In the end -- or rather in the interim since the ruling is temporary -- a federal judge has come down on the side of common sense in striking down the most controversial aspect of Arizona's draconian new immigration enforcement law, which goes into effect today.
While saying that some aspects of the law can go into effect as scheduled, District Judge Susan Bolton in Phoenix issued a preliminary injunction against sections that called for officers to check a person's immigration status while enforcing other laws and that required immigrants to carry their papers at all times.
Bolton put those sections on hold while she continues to hear the larger issues in challenges to the law.

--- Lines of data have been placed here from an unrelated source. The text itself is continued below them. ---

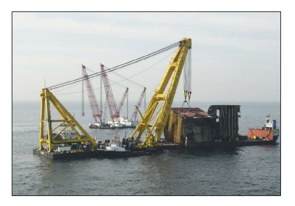
Figure 3: Successful lift of second wreck section.
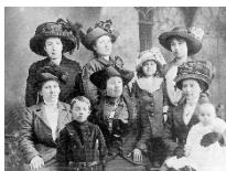
A FAMILY PHOTO OF OUR ANCESTORS
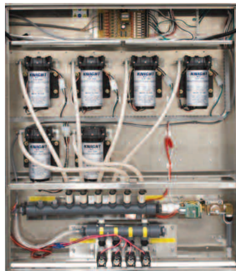
Chem-trak Jr. pump cabinet for EDP pumps
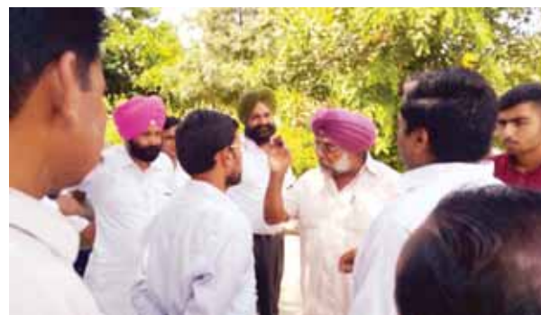
सिरसा के अतिरिक्त उपायुक्त से मिलने पहुंचे डेरा शिक्षण संस्थान में पढ़ रहे बच्चों के अभिभावक।
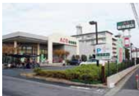
③ Super Market
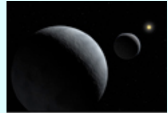
ESO PR Photo 02a/06 Artist's Impression of the Pluto Charon system

An accurate timing of the occultation seen at the three sites provides the most accurate measurement of Charon's size: its radius is found to be 603.6 km, with an error of the order of 5 km.
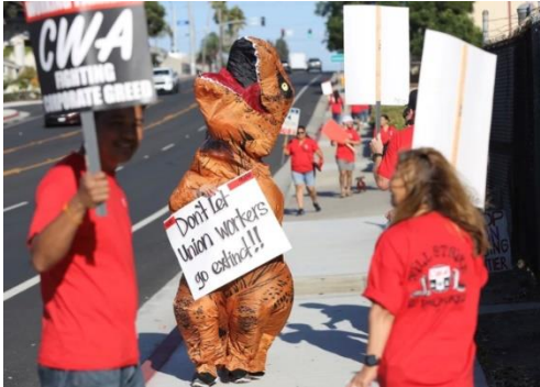
Local 9510 Rally

Please continue your mobilization efforts. This is a fight for a fair contract. We are in this together fighting for our future.
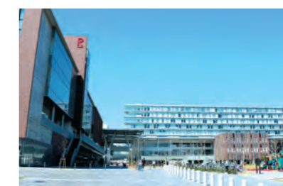
*Tracks Offered: RCJ, RCE

Located midway between Osaka City and Kyoto City, Osaka Ibaraki Campus (OIC) is RU's newest campus. The campus community works to facilitate collaboration with industry and government institutions and promote Ritsumeikan's activities on the frontline of social collaboration.
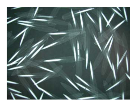
X-ray of filled and insect damaged ash seed Note segmented embryos (arrow) where insects have eaten.
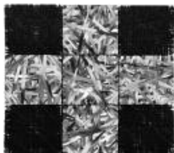
Mixed media by Holger Schmidt, coming to La Tienda Exhibition Space October 5.
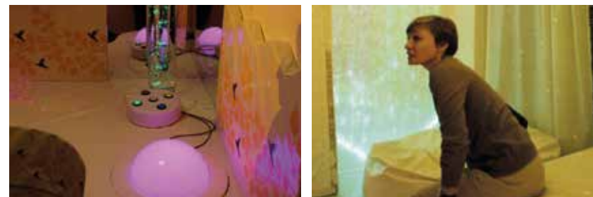
Maka Chichua First Lady at Children hospice in Germany

The curtain is used for eyesight stimulation. It improves tactility.
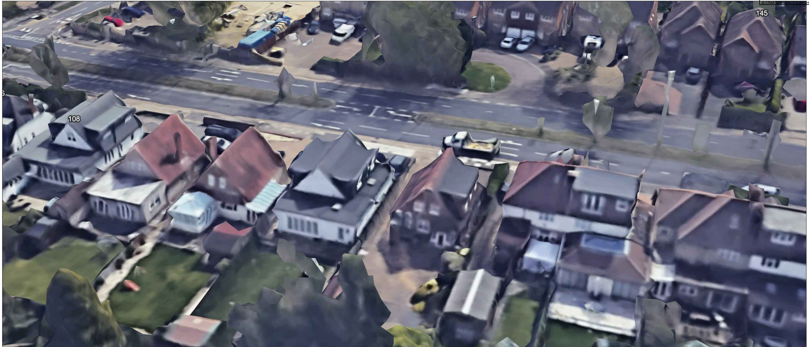
IMAGE SHOWING LARGER SINGLE STORY EXTENSION ALONG SWAKELEYS ROAD.
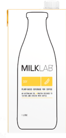
MILKLAB Soy Milk 1L
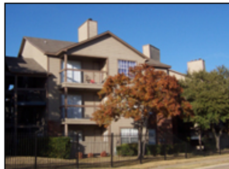
Hunter's Run Apartments (Dallas, Texas)

"There is a substantial likelihood that officers will wrongfully arrest legal resident aliens," Bolton wrote. "By enforcing this statute, Arizona would impose a 'distinct, unusual and extraordinary' burden on legal resident aliens that only the federal government has the authority to impose."
The law has become a political lightning rod nationally with members of the Republican-dominated state legislature and Republican Governor Jan Brewer making unsubstantiated claims about why it was needed, chiefly the assertion that most illegal immigrants are drug dealers. In fact, crime has been dropping in Arizona despite a surge in immigration.
More recently, extreme right-wingers have claimed that Afghan soldiers studying English at a Texas military base are going AWOL and are being smuggled across the border by Mexican women wearing large skirts. Honest.
Polls show a majority of Americans support the notion of local police assisting in federal immigration enforcement, but in Arizona the law has led to an economic boycott that has impacted the state's important tourist industry.